Benedykt kontra Berlusconi

Tak naprawdę papież nie wymienił ani Włoch, ani nazwiska premiera Berlusconiego, kiedy z letniej rezydencji wypowiedział słowa potępienia rasizmu, dyskryminacji i nietolerancji na tle etnicznym czy kulturowym.

Ale kontekst tej ważnej wypowiedzi jest jasny. W największym włoskim tygodniku, milion nakładu, katolickiej Familia Cristiana, ukazała się tak ostra krytyka rządu, że rzecznik Watykanu, musiał się od niej dystansować.

Tygodnik porównał politykę Berlusconiego wobec imigrantów z praktykami faszystowskimi. Chodzi o pobieranie odcisków palców romskich dzieci, patrole wojskowe wspomagające na ulicach policję itd. Nic to, że znaczna część Włochów po cichu albo i całkiem otwarcie popiera ten ,,pełzający rasizm”. Kościół w tej sprawie nie szuka jednak łatwej popularności. Papież Ratzinger poszedł pod prąd: zadaniem Kościoła jest budowanie więzi między kulturami, a nie wykopywanie międzykulturowych i międzyetnicznych przepaści między ,,dziećmi jednego Boga”.

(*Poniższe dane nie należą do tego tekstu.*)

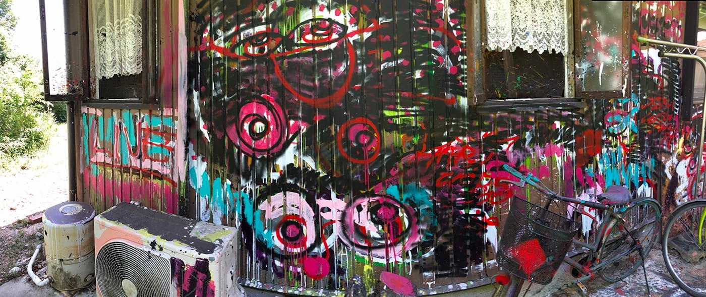 Nishimura was born in 1978 in Aichi Prefecture, in south-central Japan. Today, he lives with his parents in their family home in the hills on the edge of Nagoya, a commercial-industrial city that is Aichi’s capital. There, Nishimura keeps a modest studio space that spills out into a garden, in which he has painted the rocks of a stone path and even some sides of the house.

Ale nie tylko Ewangelia każe papieżowi potępić rasizm. Dziś punkt ciężkości w Kościele Powszechnym przesuwa się statystycznie i demograficznie ku ludom Nowego Świata, Afryki i Azji, a to stamtąd płynie strumień imigracji do bogatej i coraz bardziej ,,bezbożnej” Europy. Te ludy są przyszłością katolicyzmu, a zarazem to one doświadczyły w przeszłości i wciąż doświadczają, tyle że już nie przed wszystkim z ręki białych, różnego rodzaju opresji. Kiedy papież potępia rasizm we współczesnym świecie, staje po stronie, oczywiście tylko w tej kwestii, obozu liberalnego, który broni wizji otwartej Europy, a przy okazji służy Benedykt interesom Kościoła, którego bazą są dziś właśnie przede wszystkim ubodzy z tak zwanego Trzeciego Świata oraz Latynosi w USA i poza nimi.

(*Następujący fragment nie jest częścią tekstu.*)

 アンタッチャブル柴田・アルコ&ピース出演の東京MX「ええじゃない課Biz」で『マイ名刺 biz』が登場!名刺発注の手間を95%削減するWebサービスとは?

Taka polityka na dłuższą metę będzie zmieniała oblicze globalnego katolicyzmu. Będzie stawał się on coraz bardziej ,,lewicowy” społecznie a coraz bardziej konserwatywny obyczajowo i ideologicznie.

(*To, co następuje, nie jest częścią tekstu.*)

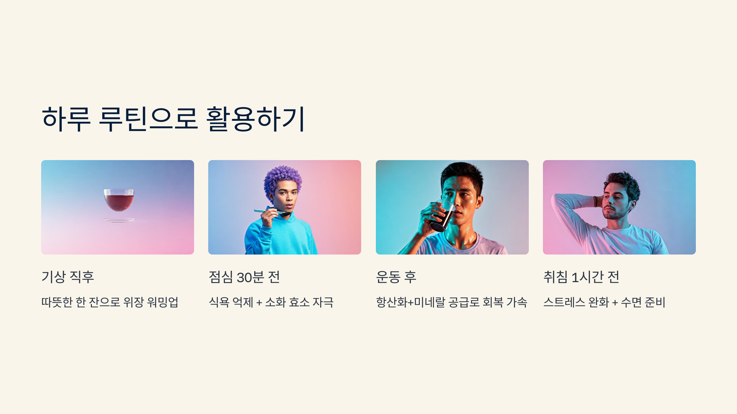 - 운동 후: 항산화+미네랄 공급로 회복 가속

A swoją drogą, jakiż kontrast między Ratzingerem i hierarchami w Polsce. Katolicy w Polsce w ostatnich dniach usłyszeli od swych pasterzy przestrogę nie przed nietolerancją czy rasizmem i zamykaniem się w sobie, w kokonie własnej kultury, lecz przed poluzowaniem prawa antyaborcyjnego. Które przecież wcale się nie szykuje. A w gazetach przeczytali, że jest już projekt 3-metrowego pomnika Jana Pawła II, który stanie przed katedrą na Wawelu. Mój Boże, czy nie można uczcić Wojtyły mniej banalnie i ostentacyjnie?

Żyjemy w okresie, kiedy byłoby miłym zaskoczeniem, gdyby znalazło się w Polsce pismo katolickie gotowe skrytykować rząd tak jak Famiglia Cristiana, czyli nie z prawej lecz z lewej flanki. I gdyby jakiś polski hierarcha zechciał odezwać się w jakiejś ważnej polskiej sprawie, ale nie stronniczo, nie kościelnie, nie frakcyjnie, tylko tak jak Ratzinger w Castel Gandolfo o rasizmie – chrześcijańsko i uniwersalnie.